Rick Sutton of Indiana Equality Action is saving their group's energy for the public campaign, letting the legislators play their games. Likely a wise move, especially since they may have as much as 18 months to get ready.
By November of 2014 the Supremes will surely have acted (in some way) on the Defense of Marriage Act and on Calif. marriage equality. Both will surely change public opinion. And might make the whole exercise in Indiana moot.
All this prompted me to look up some of my blog entries from April 2009 when Nate Silver predicted when the voters of each state would first vote against a gay marriage ban (which is far different than when each state would approve -- or have a chance to vote for -- marriage equality or when a state would actually get marriage equality through a ruling on its Supreme Court).
So I checked Silver's post about which year a state's voters would reject discrimination and -- yikes! -- Indiana is projected to turn down an amendment in 2015.

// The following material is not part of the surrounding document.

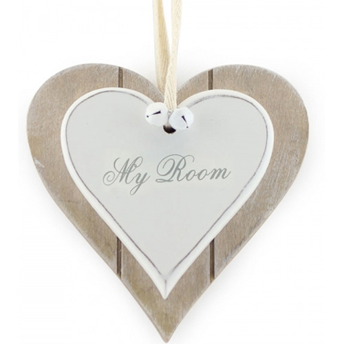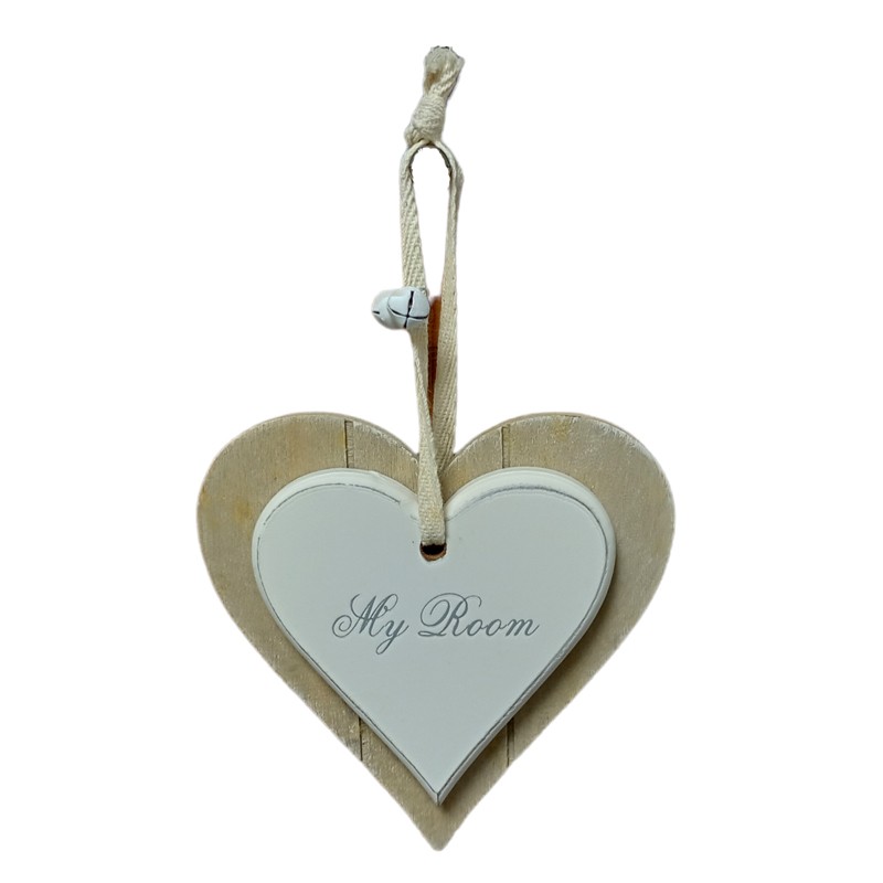 Puinen oviriipus, joka osoittaa huoneen haltijan ”My Room”. Lisäkoristeena pienet kulkuset.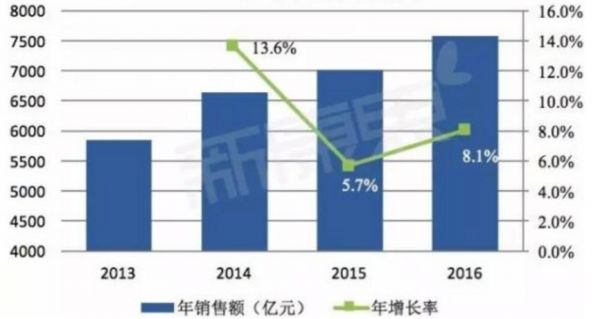 根据新康界披露的数据显示,2013-2016年国内注射剂市场保持增长态势,年复合增长率为6.7%,至2016年国内注射剂用药规模达7577亿元,同比增长8.1%。2017年笔者保守按照5%的增长推算,则其市场规模已在8000亿元左右。

Then again, Silver predicted Minnesota would first reject a gay marriage ban next year and they did it this year. As Silver states at the end of his predictions:
It is entirely possible, of course, that past trends will not be predictive of future results. There could be a backlash against gay marriage, somewhat as there was a backlash against drug legalization in the 1980s. Alternatively, there could be a paradigmatic shift in favor of permitting gay marriage, which might make these projections too conservative.
Overall, however, marriage bans appear unlikely to be an electoral winner for very much longer, and soon the opposite may prove to be true.